When we house hunted, we dreamed of living in an old house with lots of character – nooks and crannies, pocket doors, and maybe a turret. We ended up in brand new construction with no character, but also no maintenance or rehab required; practicality won over sentiment. Not only was the charm missing, but we also had no trees. We learned that there used to be an apple orchard on our lot, but those trees and any other trees that might have been on the property were long gone.

We began the process of bringing back trees to our lot last year. We planted three apple trees (which are blooming for the first time right now – fingers crossed for apples in the fall) and a redbud tree.

Redbud Tree

It will be prettier when it gets bigger, but I still love it!
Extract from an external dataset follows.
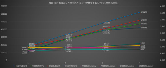 **第一部分是存储基准性能测试,**我们可以看到:随着 NeonSAN®️ 卷数量的增加,其性能线性增长,而平均响应时间的增长幅度并不明显。在单台客户端性能测试中,在配置 4 个 NeonSAN®️ 卷时,4K 随机读写和 8K 随机读性能均在 30 万 IOPS 左右,8K 随机写性能则能超过 25 万 IOPS,平均响应时间则均控制在 1ms 以内。

I learned the other day that both the redbud flowers and the redbud leaves are edible! We got lucky because that is not at all why we picked the tree.

Redbud Syrup

I tested the waters by gingerly picking off a redbud flower and eating it. I’ll admit that I looked around to see if any of my neighbors were staring at me. The coast was clear. It had a sort of generic spring-like taste, a little tart, a touch of floral, and a bit like young greens (think pea shoots). Not bad. I am definitely going to use the flowers on salads as long as there are still flowers on my tree.
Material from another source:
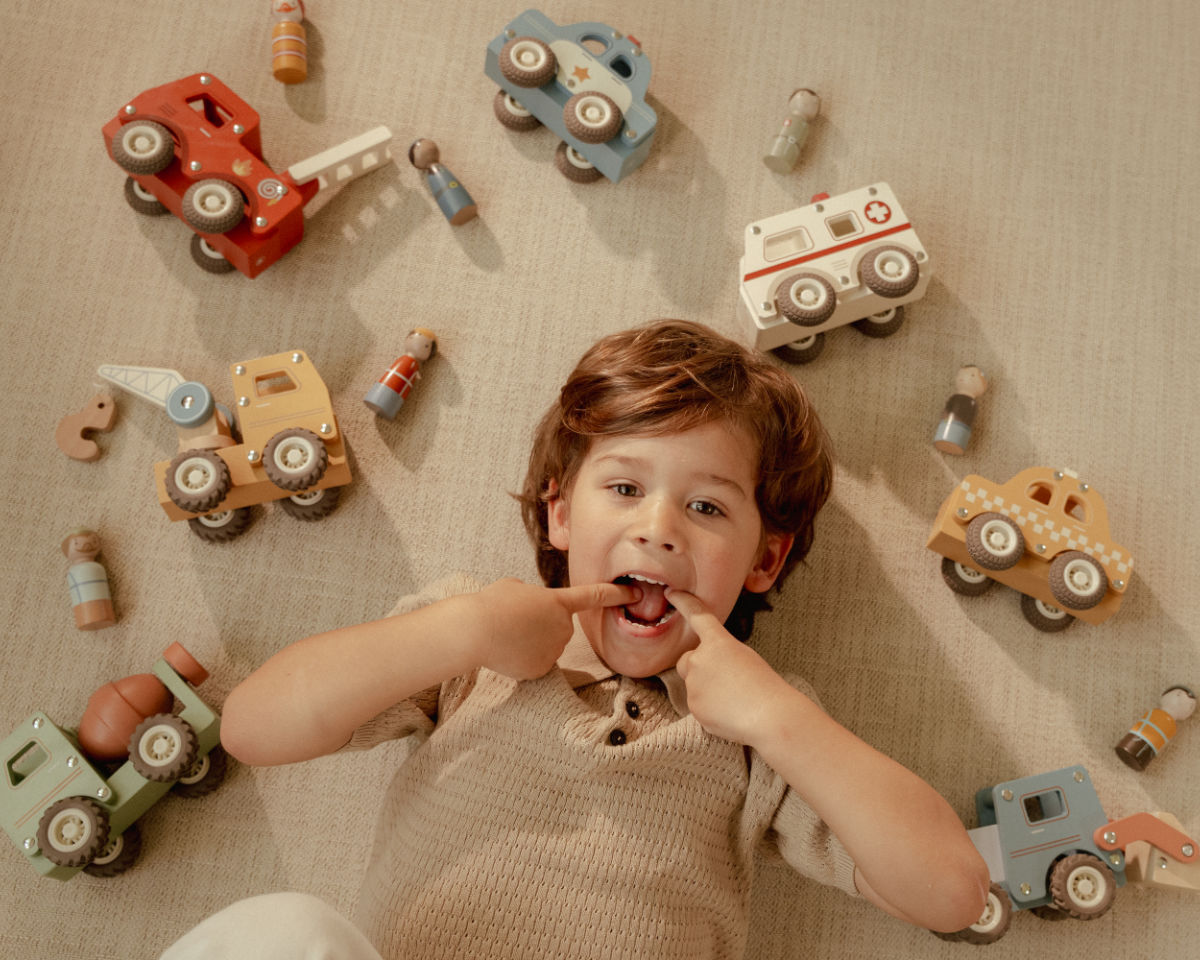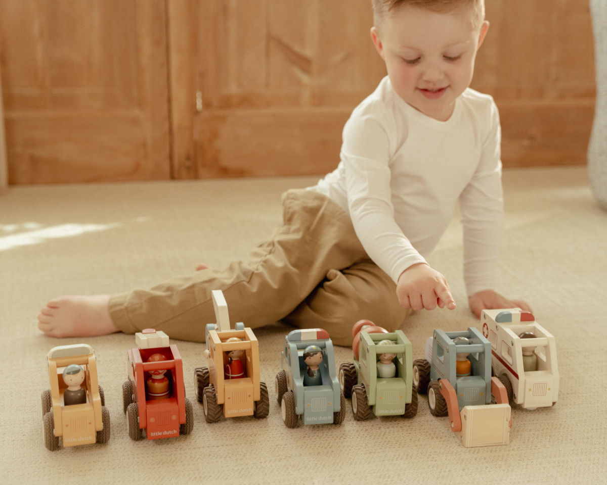 Entdecke den ganz neuen Fuhrpark von Little Dutch! Ob Bagger, Kranwagen, Betonmischer oder Polizeiauto - mit den niedlichen Fahrzeugen für die Kleinen ab 18 Monaten entsteht eine Fantasiewelt im Kinderzimmer, die immer wieder zu neuen Spielideen einlädt.

Next, I set about making a redbud syrup.

I love elderflower syrup, so I wanted to see what redbud syrup would taste like. (View on Amazon) [paid link]
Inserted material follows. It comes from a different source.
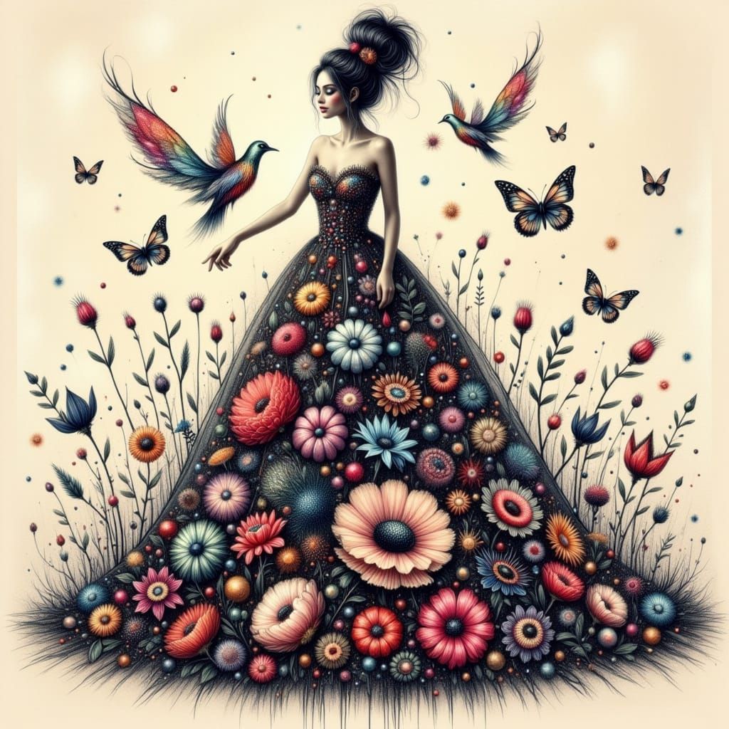 This image shows a woman in a long, flowing dress made of vibrant flowers, set against a surreal post-apocalyptic backdrop, with intricate details and a mix of modern and European art styles.
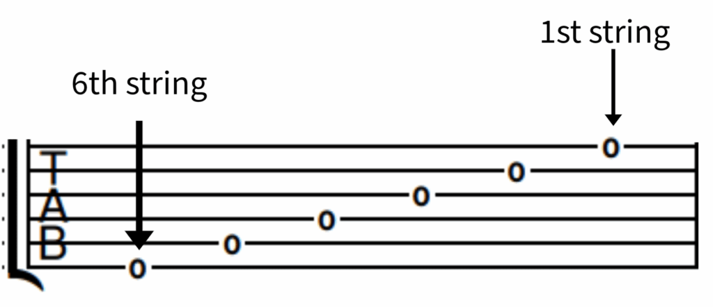 A guitar TAB has six horizontal lines representing the six strings of the guitar- the bottom line is the low E string, and the top line is the high E string.

I always struggle with bringing flowers into my house from the yard because they look so pretty outside. So, with a little bit of sadness, I picked a bunch of the flowers off of my redbud and began the syrup-making process.

Redbud Flowers

Redbud flowers are SO pretty!

The instructions for redbud syrup are below and you’ll find that the process is pretty straightforward. Depending on how long you boil the syrup for, you can end up with thin pink syrup (shown in this post) or a deeper pink-red syrup that’s pancake-ready (also good for soaking sponge cakes). In either case, the syrup will have a very mild flavor. If you mix it with anything that has a strong flavor, you’ll lose the subtle redbud taste. Other syrups made with flowers often include lemon in the recipe, but I specifically left it out because I didn’t want to overpower the redbud.

I Want to Hear From You

I’m clearly new to the world of eating redbud so I’d love to hear from you. Do you have a redbud at your house or in a nearby park? Did you know that you can eat the flowers? Go try them and let me know what you think they taste like. If you make the syrup, let me know if you like it thin or thick and how you end up using it. I’ll update this post with more information as I hear from you.

Redbud Syrup

Thanks to everyone who played along on Facebook trying to guess what this liquid was. Some of you had some fantastic guesses and were so close to getting it right! Now that you know the answer, it will be funny to go back to read some of the guesses. Congrats to Nataliya Lavrykova for being the first to guess correctly!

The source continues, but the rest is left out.